▶ Assigned task
Only the lines from the line containing "7. Народ услышал" to the end of the material belong in the copy; set them down exactly, without pictures.

Top of Source material

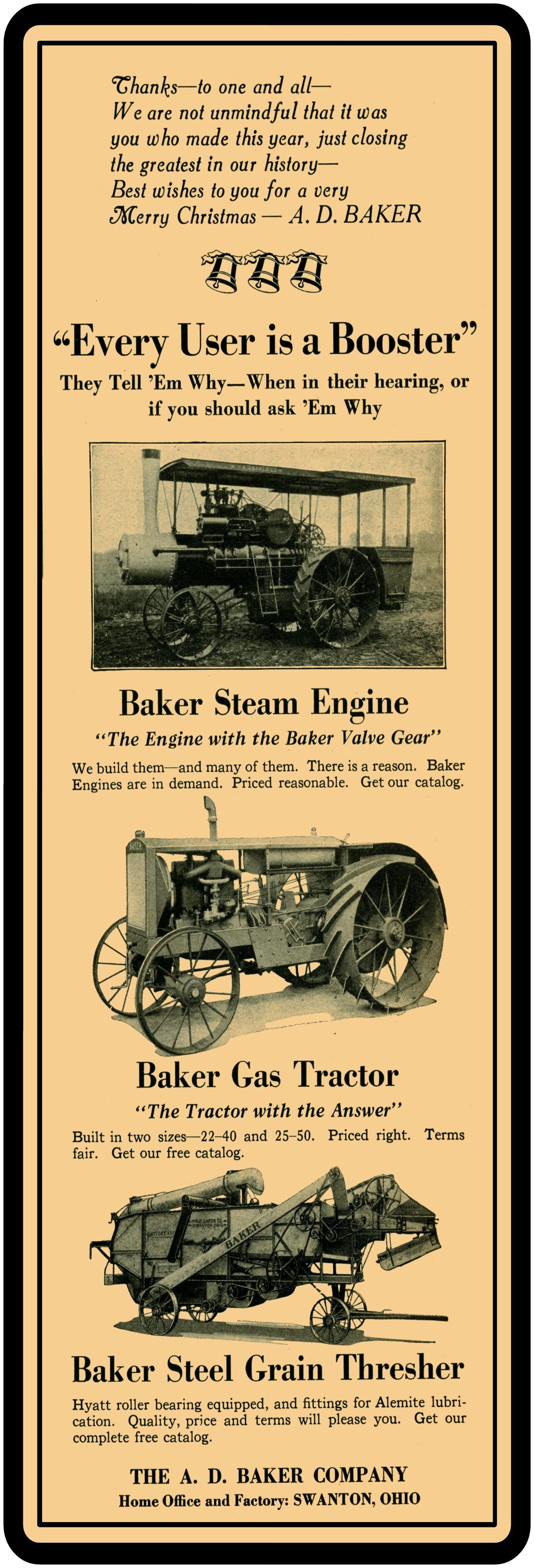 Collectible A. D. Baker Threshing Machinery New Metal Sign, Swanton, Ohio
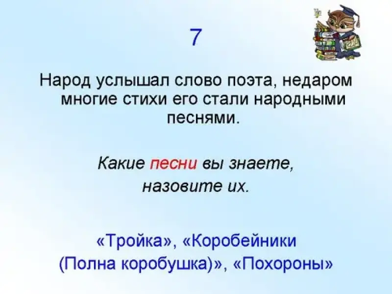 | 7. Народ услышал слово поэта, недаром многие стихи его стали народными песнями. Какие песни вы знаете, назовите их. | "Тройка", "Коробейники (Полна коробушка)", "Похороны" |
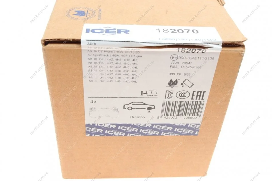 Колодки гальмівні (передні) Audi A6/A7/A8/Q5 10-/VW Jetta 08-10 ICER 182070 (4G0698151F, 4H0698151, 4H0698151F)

Bottom of Source material

▶ Answer to this exercise
 | 7. Народ услышал слово поэта, недаром многие стихи его стали народными песнями. Какие песни вы знаете, назовите их. | "Тройка", "Коробейники (Полна коробушка)", "Похороны" |
 Колодки гальмівні (передні) Audi A6/A7/A8/Q5 10-/VW Jetta 08-10 ICER 182070 (4G0698151F, 4H0698151, 4H0698151F)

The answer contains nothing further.